▸ Task item:
Reproduce the opening lines of the records exactly, up to and including the line in which "Les candidatures doivent" occurs.

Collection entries
================
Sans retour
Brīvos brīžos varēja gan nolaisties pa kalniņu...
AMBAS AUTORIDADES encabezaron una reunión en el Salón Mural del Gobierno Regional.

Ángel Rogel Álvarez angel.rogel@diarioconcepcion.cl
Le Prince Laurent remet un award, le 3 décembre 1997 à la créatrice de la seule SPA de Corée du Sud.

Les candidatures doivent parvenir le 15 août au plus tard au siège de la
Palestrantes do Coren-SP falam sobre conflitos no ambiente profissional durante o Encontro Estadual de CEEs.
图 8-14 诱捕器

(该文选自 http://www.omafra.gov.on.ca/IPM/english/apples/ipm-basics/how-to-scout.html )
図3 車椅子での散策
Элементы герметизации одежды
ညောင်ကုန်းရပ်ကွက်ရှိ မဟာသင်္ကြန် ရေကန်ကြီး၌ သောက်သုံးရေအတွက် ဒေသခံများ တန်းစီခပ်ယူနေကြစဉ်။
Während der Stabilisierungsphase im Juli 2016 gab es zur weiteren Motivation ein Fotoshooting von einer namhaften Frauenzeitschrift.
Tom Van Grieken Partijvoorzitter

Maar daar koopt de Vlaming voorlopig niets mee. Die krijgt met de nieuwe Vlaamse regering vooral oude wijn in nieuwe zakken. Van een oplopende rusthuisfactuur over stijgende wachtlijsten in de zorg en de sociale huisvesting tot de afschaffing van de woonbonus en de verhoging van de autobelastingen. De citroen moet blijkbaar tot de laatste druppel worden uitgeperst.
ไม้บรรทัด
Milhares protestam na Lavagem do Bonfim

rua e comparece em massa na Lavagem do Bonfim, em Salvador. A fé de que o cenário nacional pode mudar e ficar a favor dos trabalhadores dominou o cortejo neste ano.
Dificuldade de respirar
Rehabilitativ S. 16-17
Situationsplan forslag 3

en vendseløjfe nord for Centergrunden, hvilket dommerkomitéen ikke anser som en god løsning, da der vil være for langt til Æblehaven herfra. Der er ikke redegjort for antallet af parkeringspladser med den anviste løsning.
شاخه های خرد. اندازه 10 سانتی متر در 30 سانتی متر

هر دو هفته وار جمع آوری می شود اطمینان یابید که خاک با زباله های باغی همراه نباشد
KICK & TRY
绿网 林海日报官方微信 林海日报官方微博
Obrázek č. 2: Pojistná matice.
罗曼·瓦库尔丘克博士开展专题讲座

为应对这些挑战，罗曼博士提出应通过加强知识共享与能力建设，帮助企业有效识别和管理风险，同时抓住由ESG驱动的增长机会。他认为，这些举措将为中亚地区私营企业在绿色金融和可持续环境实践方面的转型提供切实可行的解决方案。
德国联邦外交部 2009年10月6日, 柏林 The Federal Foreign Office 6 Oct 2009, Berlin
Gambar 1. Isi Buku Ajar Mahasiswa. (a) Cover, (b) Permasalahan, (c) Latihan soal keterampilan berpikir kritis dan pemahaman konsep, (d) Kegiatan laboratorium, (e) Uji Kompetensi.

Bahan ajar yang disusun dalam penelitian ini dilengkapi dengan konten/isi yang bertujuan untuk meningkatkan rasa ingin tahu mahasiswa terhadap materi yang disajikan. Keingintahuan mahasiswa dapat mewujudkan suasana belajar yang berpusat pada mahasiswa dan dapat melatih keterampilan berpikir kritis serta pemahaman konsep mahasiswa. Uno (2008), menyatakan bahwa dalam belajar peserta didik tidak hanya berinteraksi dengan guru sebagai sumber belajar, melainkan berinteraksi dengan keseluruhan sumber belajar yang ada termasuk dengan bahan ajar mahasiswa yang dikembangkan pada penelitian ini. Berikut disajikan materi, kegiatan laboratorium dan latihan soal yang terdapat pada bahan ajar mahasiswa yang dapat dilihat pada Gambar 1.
================
▸ Completed task:
Sans retour
Brīvos brīžos varēja gan nolaisties pa kalniņu...
AMBAS AUTORIDADES encabezaron una reunión en el Salón Mural del Gobierno Regional.

Ángel Rogel Álvarez angel.rogel@diarioconcepcion.cl
Le Prince Laurent remet un award, le 3 décembre 1997 à la créatrice de la seule SPA de Corée du Sud.

Les candidatures doivent parvenir le 15 août au plus tard au siège de la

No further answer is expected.